Note: I rewrite this story, to support our grandson’s movement away from substance abuse and its resultant schizophrenia. Like grandpa, like grandson, at least as far as mental illness goes. We hope that he eventually has a similar healing experience to what I experienced in 1987, though he still reports that he “hears voices”.
“God is the very path that we walk upon and requires no belief.”—Jidhu Krishnamurti
June 22, 1987, marks a milestone for me, a day of profound transformation and awakening after a turbulent past. My life, as described by those closest to me, has been unconventional, deeply personal, and undeniably complex. While my story doesn’t feature dramatic twists celebrated on front pages, it is one of survival, recovery, and quiet triumph. Through a bit of reflection, I share this chronicle that revolves around a pivotal year while retracing key moments before 1987 to provide context.

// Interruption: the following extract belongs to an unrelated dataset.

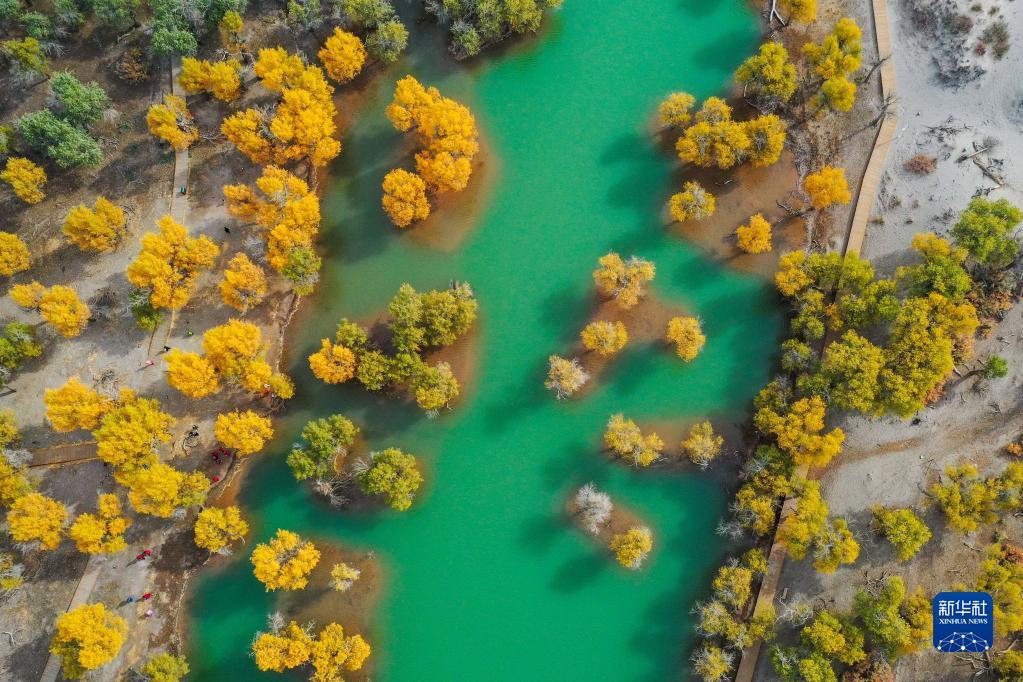 这是10月11日拍摄的额济纳旗胡杨林(无人机照片)。

The bookshelf of my childhood was lined with feelings ranging from quiet joy to profound loneliness. Before 1965, I lived in relative isolation, out of sync with the world outside my family. Social settings often felt hostile, turning playgrounds into battlegrounds for survival rather than connection. However, after 1965, I found solace in a small circle of friends, a group of four misfits often misunderstood by others. These friendships taught me invaluable lessons of loyalty and acceptance.
Books were both sanctuary and escape. Science fiction, particularly Robert Heinlein’s Stranger in a Strange Land, planted seeds of hope. The idea that “Thou Art God” offered a glimmer of a divine connection in a life marked by alienation.
Adolescence brought turbulence. By 15, I had fallen into the grip of drug and alcohol abuse. While these substances dulled self-doubt and anxiety, they distanced me from my aspirations. Ironically, even amid this upheaval, my skills in mathematics and science propelled me to excel academically, earning scholarships and a place in the Air Force ROTC program. However, a broken love relationship mirrored my inner chaos, derailing these dreams and fueling my descent further into substance dependence.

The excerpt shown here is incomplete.